DATA CLUSTERING BASED ON INDUCTIVE LEARNING OF NEURO-FUZZY NETWORK WITH DISTANCE HASHING
DOI:
https://doi.org/10.15588/1607-3274-2022-4-6Keywords:
cluster analysis, neuro-fuzzy network, hash, fuzzy inference, data analysisAbstract
Context. Cluster analysis is widely used to analyze data of various nature and dimensions. However, the known methods of cluster analysis are characterized by low speed and are demanding on computer memory resources due to the need to calculate pairwise distances between instances in a multidimensional feature space.

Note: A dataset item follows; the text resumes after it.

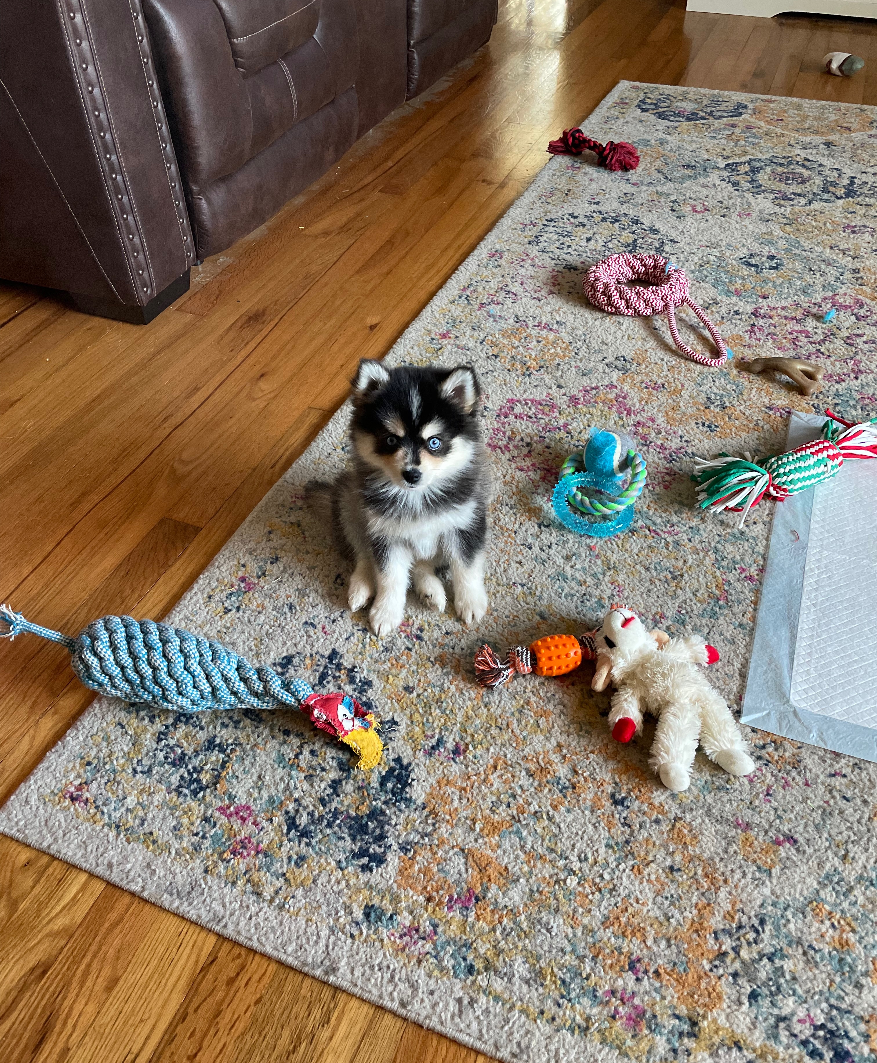 We recommend speaking directly with your breeder to get a better idea of the expected size of your Pomsky puppy.

In addition, the results of known methods of cluster analysis are difficult for human perception and analysis with a large number of features.
Objective. The purpose of the work is to increase the speed of cluster analysis, the interpretability of the resulting partition into clusters, as well as to reduce the requirements of cluster analysis to computer memory.
Method. A method for cluster analysis of multidimensional data is proposed, which for each instance calculates its hash based on the distance to the conditional center of coordinates, uses a one-dimensional coordinate along the hash axis to determine the distances between instances, considers the resulting hash as a pseudo-output feature, breaking it into intervals, which matches the labels pseudo-classes – clusters, having received a rough crisp partition of the feature space and sample instances, automatically generates a partition of input features into fuzzy terms, determines the rules for referring instances to clusters and, as a result, forms a fuzzy inference system of the Mamdani-Zadeh classifier type, which is further trained in the form of a neuro-fuzzy network to ensure acceptable values of the clustering quality functional. This makes it possible to reduce the number of terms and features used, to evaluate their contribution to making decisions about assigning instances to clusters, to increase the speed of data cluster analysis, and to increase the interpretability of the resulting data splitting into clusters.
Results. The mathematical support for solving the problem of cluster data analysis in conditions of large data dimensions has been developed. The experiments confirmed the operability of the developed mathematical support have been carried out.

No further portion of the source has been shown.